Tuesday, October 14, 2008

I've Been Shanghai'd, I Tell Ya

Greetings and salutations my blogging friends, and thanks for your vigilant chiding of me and my dragging-posting feet. It's not that I don't like writing for you, oh contrair mon frair- it be the complete opposite of that- nothing to write about!

I am now in Shanghai, China having come from three weeks in Guangzhou, the former Canton, which I would describe as the Delaware of Asia. Not much to see or do and, coupled with the fact that we only had 4 shows to perform and a few rehearsals in those 3 weeks, plenty of time to not do it in. Basically, we were in a veritable holding pattern waiting for permission to land in a place where we could actually enjoy ourselves. If it wasn't for the ping-pong table in the hotel, I think I might have gone mad. MAD, I tell you!! Much Gnip-Gnop, some rounds of Mafia(I'll teach you when I get back), a few games of Snooker, and plenty of drinking kept most of us occupied for the extended layoff in lovely Guangzhou or, as it came to be know, Guangblow. OK, so we did find a great Irish pub swarmed with Aussies and a few Yanks called Houlees and I'll admit it, Guinness did help ease the monotony of the biggest little city in China, but one more week there could have been mutinous. Meh.

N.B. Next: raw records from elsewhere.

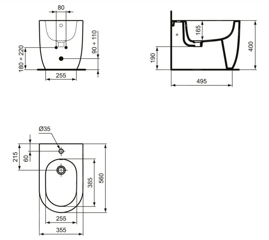Staand bidet met overloop
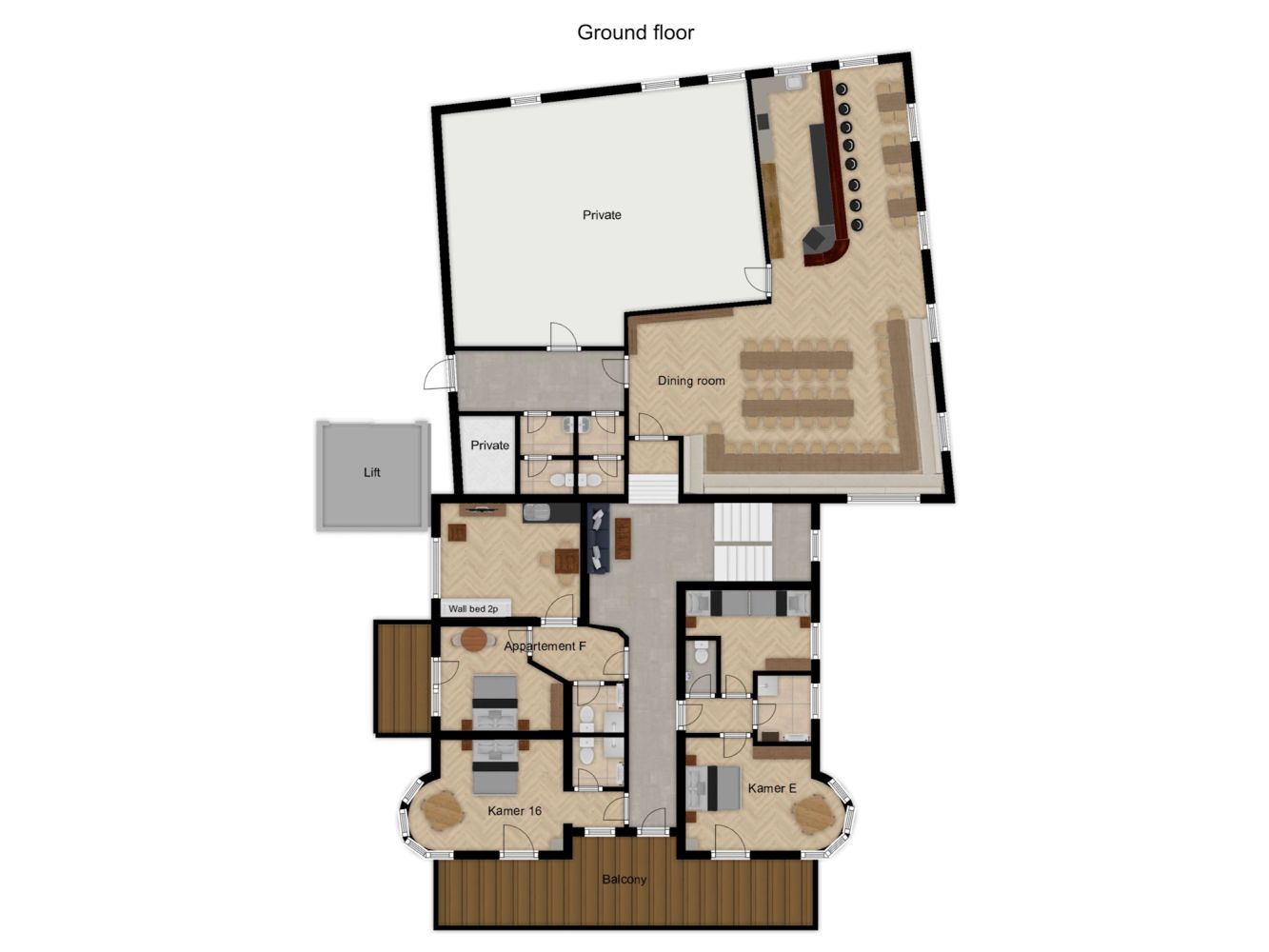 On the first floor you will find the common dining/living room with spacious dining areas. Furthermore, on the first floor you will find a 4-person apartment, a family room and a separate spacious bedroom. The 4-person apartment has a living room with a double fold-out bed, a bedroom with a double bed and a bathroom with shower and toilet. The family room has two bedrooms, one with a double bed and one with two single beds, a bathroom with shower and a separate toilet. The separate but spacious bedroom has a double bed, single sofa bed and a bathroom with shower and toilet.
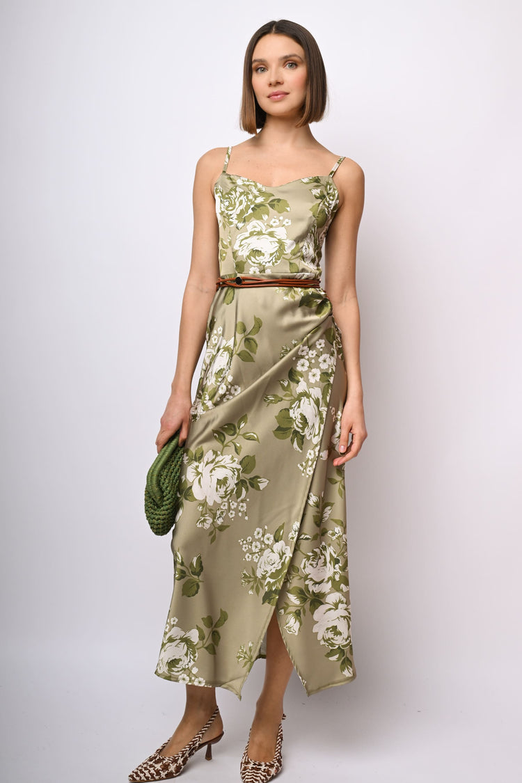 Abito lungo in raso a stampa floreale nei toni del verde con spalline sottili regolabili, scollo a cuore, bustino elasticizzato a punto smock sul retro e gonna sovrapposta con drappeggio sil fianco e spacco.
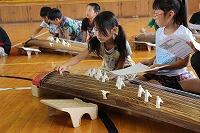 本日本校4年生が参加して、邦楽教室が行われました。邦楽演奏家の5名の先生をお招きして、主に箏の鑑賞と演奏体験を行いました。「春の海」「八重衣」の演奏を聴きました。演奏体験では、3人1組で「さくら」の曲を演奏体験しました。児童は、初めて触れる箏の演奏に真剣に取り組んでいました。
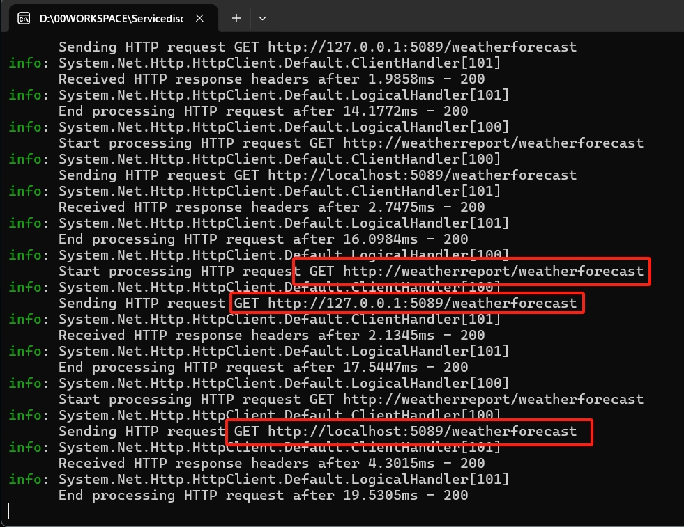 通过观察日志可以看到 http://weatherreport/weatherforecast 被转换成 http://127.0.0.1:5089 或 http://localhost:5089 的 http 调用。
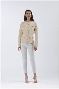 Chaqueta muy femenina de piel sintética con cuello redondo. bolsillos y cierre con botones dorados personalizados.
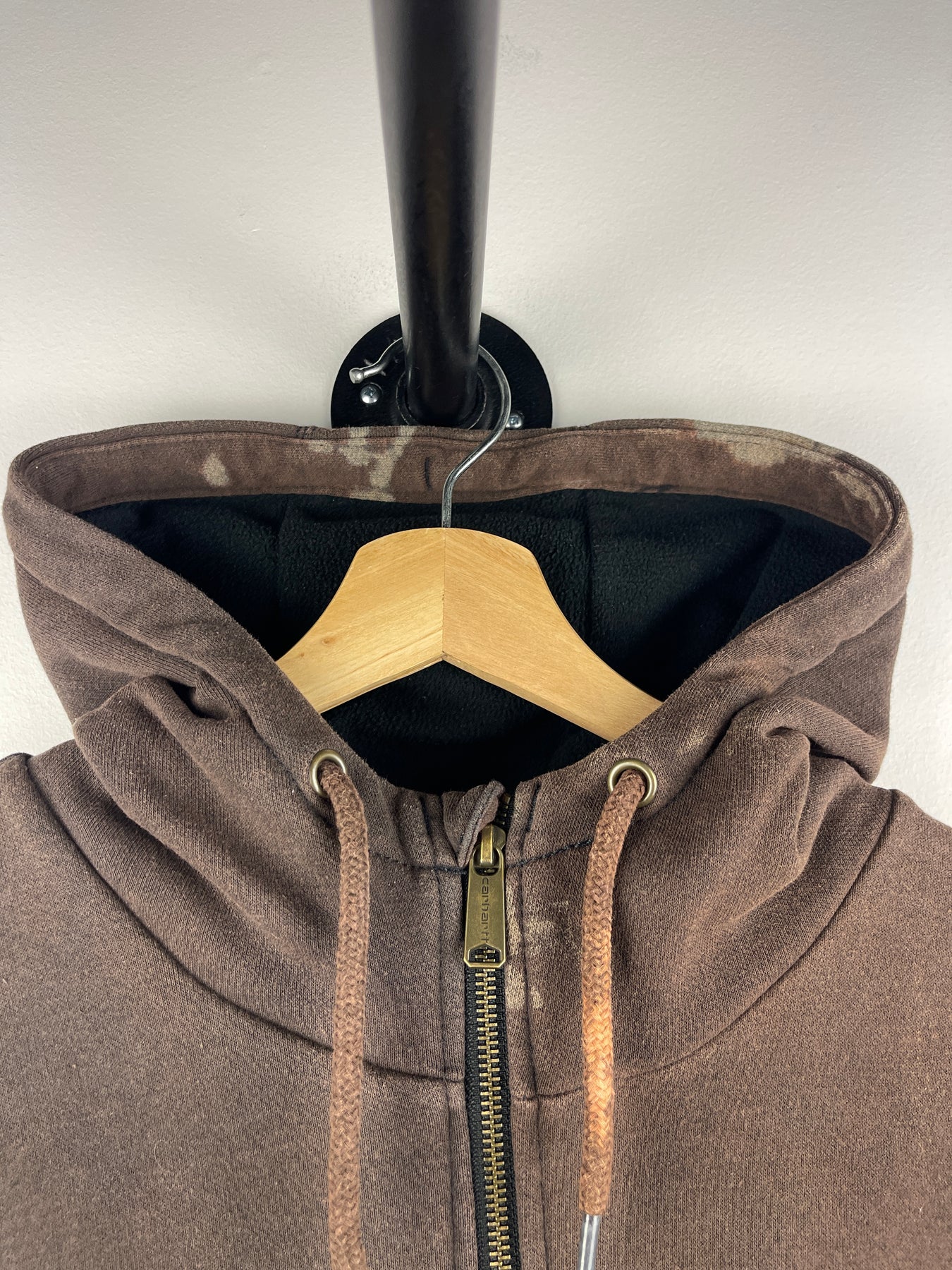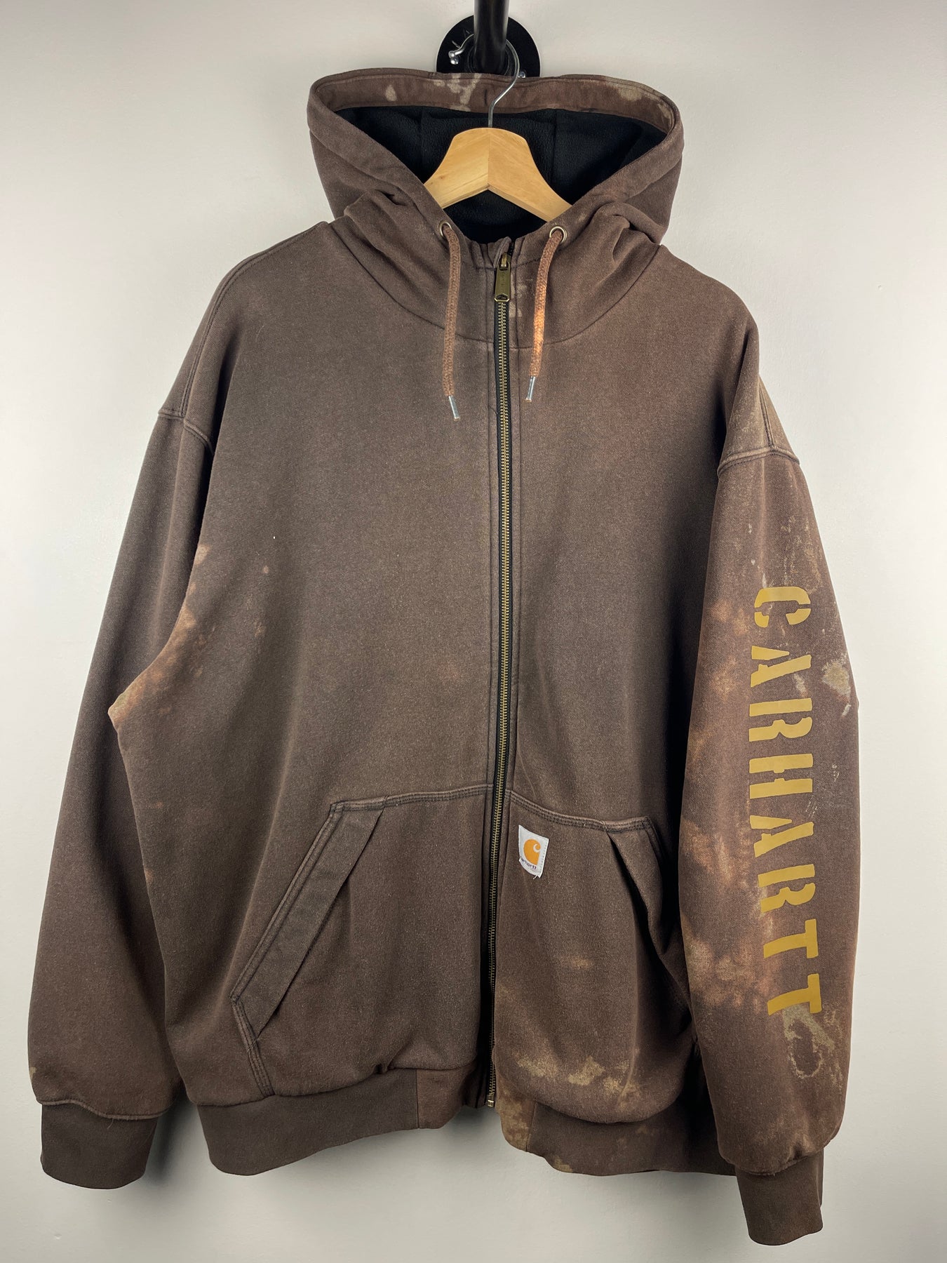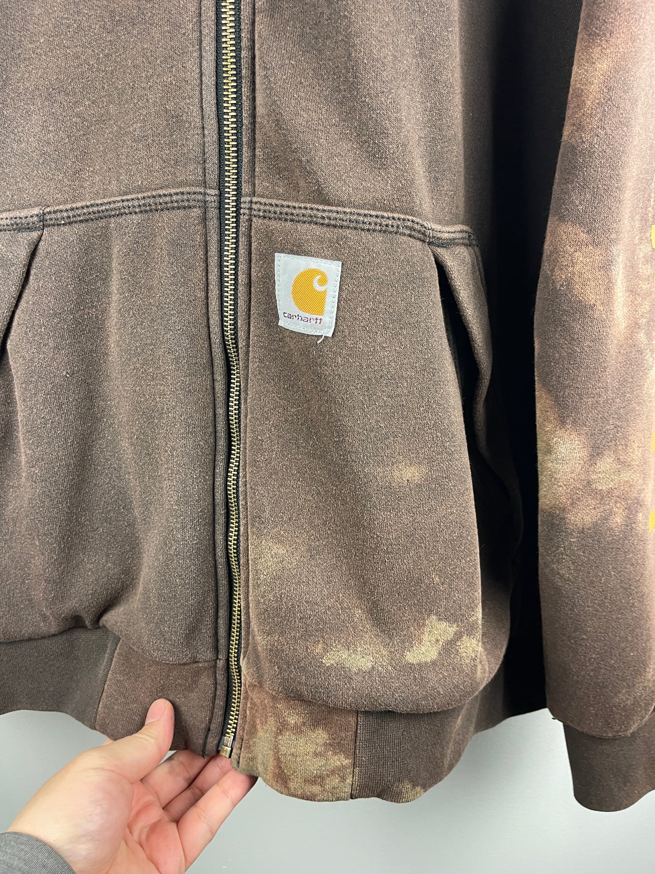 Vintage Carhartt Patch Spellout Fleece Lined Brown Zip Up Hoodie

So, here I sit in Shanghai feeling like I have re-entered civilization where the guys on the street are trying to get me to buy Tiger Beer and watches as opposed to tiger paws and...well,... watches. What is it about my face that says "Hey there, I'm stupid Yankee Joe, buyer of cheap knock-offs, seeker of pirated dvds and all around dufus- please solicit ME! I'll buy it!!" I guess it's the same reason I get hired to play wacky, silly little men on stage. Although, I have always noticed that I am the person people pick to walk in front of when having to cut past a long line of people. Airports, banks, auditions- next time you are with me in those situations, just watch- It'll happen, believe you me.

So, apart from exciting Guangzhou, some sad news to tell. Riley the Rottweiler, who has barked at each and every one of you, only to followed by a wagging stump happy to see you, has left our Earthly realm. The angels have sped her to Doggie Heaven, where puppies feel no pain and every meal is buttered steak, egg yolks and Jumbones, and dessert is made of chocolate, for in Doggie Heaven, pups can enjoy chocolate without fear. Good 'ol Mick will be waiting to meet her there and will look after her once again. She was a good dog and, as sad as it is, I know she is without pain and am thankful for the time she was with us. It saddens me to think that upon my return to the States in lieu of her gruff welcome, will come a solemn silence.

See you at the Rainbow Bridge, Winis.